The visualization shows advancement of the round as leaders are committed and then transaction finalized:

  1. Committing a leader block itself is not sufficient to advance the round. The voting information must be preserved to assist transaction finalization mysticetiFPC_vote_gc_1

  2. Only after a leader block and its subDAG are transaction finalized, will the round be updated mysticetiFPC_vote_gc_2

The design introduces a desync between DAG-GC and Vote-GC. Keep this in mind as it will become important in later discussions.

Also note that while valid votes are shown in the diagrams, they are in fact implicit and deducted from the absence of an explicit invalid vote.
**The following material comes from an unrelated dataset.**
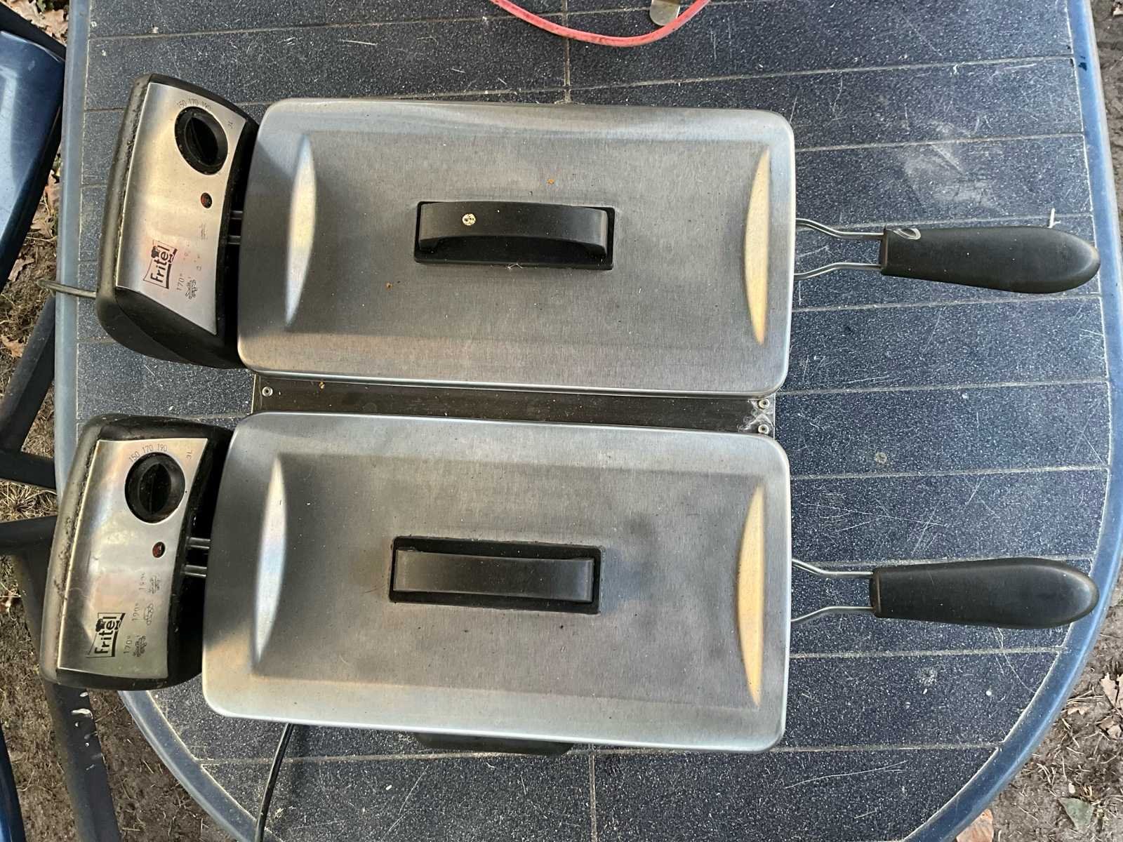 **Titel** Groot keuken & BBQ lot – microgolfovens + Fritel dubbele friteuse + elektrische rookbarbecue **Beschrijving** Te koop: groot lot met verschillende keuken- en barbecuetoestellen. Alles werkt en wordt verkocht als één geheel. Inbegrepen in het lot: 1. **Barbecook elektrische rookbarbecue / smoker** * Elektrisch model * Met grillrooster * Ideaal voor roken van vlees of vis 2. **2 microgolfovens** * 1 × Bluesky microgolf * 1 × Severin microgolf * Beide werkend 3. **Fritel dubbele friteuse – model FR 1355 DUO** * Twee aparte frituurkuipen * Met mandjes en thermostaatregeling * 230V – 2200 W Staat: allemaal werkend - nette staat Ideaal voor studenten, verhuur, camping, hobbyruimte of als reserve toestellen. No

Exploiting Sui's Mysticeti-FPC

In this section, we will analyze Mysticeti-FPC under an asynchronous network, since safety must hold regardless of synchrony assumptions.
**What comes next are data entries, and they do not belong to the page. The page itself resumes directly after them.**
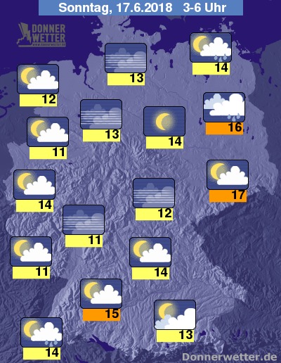 In der folgenden Nacht sind am Oberrhein, sowie von Brandenburg bis zur Ostsee gebietsweise Schauer und auch Gewitter möglich. Im übrigen Land zeigt sich der Himmel dagegen meist nur locker bewölkt oder sogar sternenklar, dazu bleibt es trocken. Die Temperatur sinkt auf 17 Grad in der Lausitz und bis 11 Grad im Saargau.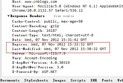 从Last-Modified到Expires,我们可以看到,博客园的缓存时间是2分钟,而且我还能看到当前的服务器时间Date,如果我再次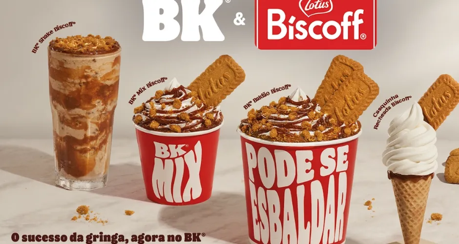 A nova linha combina a irreverência do BK com a tradição do produto, resultando em quatro versões que misturam texturas cremosas e crocantes. O portfólio inclui desde a clássica Casquinha Recheada até o generoso BK Baldão, todos elaborados com massa de baunilha, calda de doce de leite e, claro, pedaços ou unidades inteiras do Biscoff, garantindo o perfil de sabor único que viralizou nas redes sociais.

Mysticeti-C GC's correctness can be trivially claimed. Does this also extend to Mysticeti-FPC?

The answer, unfortunately, is no.

To understand why, let's revisit some of the important design choices, starting with:

  • Blocks are assumed to inherit votes from self-ancestors. In other words, it is impossible to tell the transaction vote of a block without its full self-ancestry up to the voted block

    This requirement of "full ancestry up to the voted block" should immediately raise concerns, since careless pruning can easily break this assumption. This is exactly where cracks begin to appear in Mysticeti-FPC’s garbage collection mechanism. The issue can be illustrated with the following example.
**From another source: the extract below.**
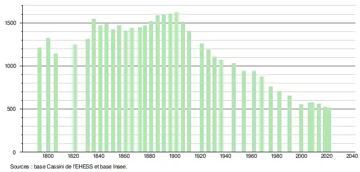 L'évolution du nombre d'habitants est connue à travers les recensements de la population effectués dans la commune depuis 1793. Pour les communes de moins de 10 000 habitants, une enquête de recensement portant sur toute la population est réalisée tous les cinq ans, les populations légales des années intermédiaires étant quant à elles estimées par interpolation ou extrapolation[12]. Pour la commune, le premier recensement exhaustif entrant dans le cadre du nouveau dispositif a été réalisé en 2008[13].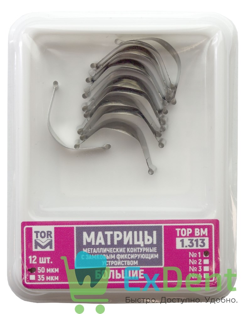 Купить Матрицы металлические контурные замковые с фиксирующим устройством, большие ф.1 (50 мкм х 12 шт) произведенный компанией вы можете в ExDent.ru по цене 0руб.

    1. Assume the global DAG is in the state shown below. Notice the presence of two conflicting transactions, txA and txB, each receiving two implicit valid votes and two invalid votes. Under normal conditions, both transactions would eventually be rejected by the stale unfinalized transaction rule. This is because there are not enough invalid votes in the vote_cache to reject them directly, and there are also not enough implicit valid votes to accept either transaction during a vote recount.

      mysticetiFPC_pruned_vote_1

    2. Since none of the round 1 through round 4 leaders are committable, the first leader block to be committed is the round 5 leader block, resulting in the following state. txA and txB both can't be transaction finalized yet. The round is advanced after the round 5 leader block's commit.

      mysticetiFPC_pruned_vote_2

    3. As the round 6 leader block gets committed, things get interesting.

      1. The first two blocks of validator 1 aren't included in the committed subDAG since they're already pruned. As a result, when populating descendant_graph for blocks in the round 6 leader block's subDAG, they also won't be included
      2. accept_recount traverses descendant_graph only. By excluding validator 1's block with transaction votes from descendant_graph, the votes within it won't be counted
      3. Consequently, validator 1's round 3 block will become the first validator 1 block to be traversed. Since there are no invalid votes within it, and valid votes are inferred from the lack of invalid votes, accept_recount will treat it as if the validator 1 cast valid votes for both txA and txB
      4. Both txA and txB gather 3 valid votes, and will be accepted

      mysticetiFPC_pruned_vote_3

    In summary, premature DAG-GC makes vote recounting overly optimistic, which can cause invalid votes to be ignored and allow transactions that should be rejected to be accepted.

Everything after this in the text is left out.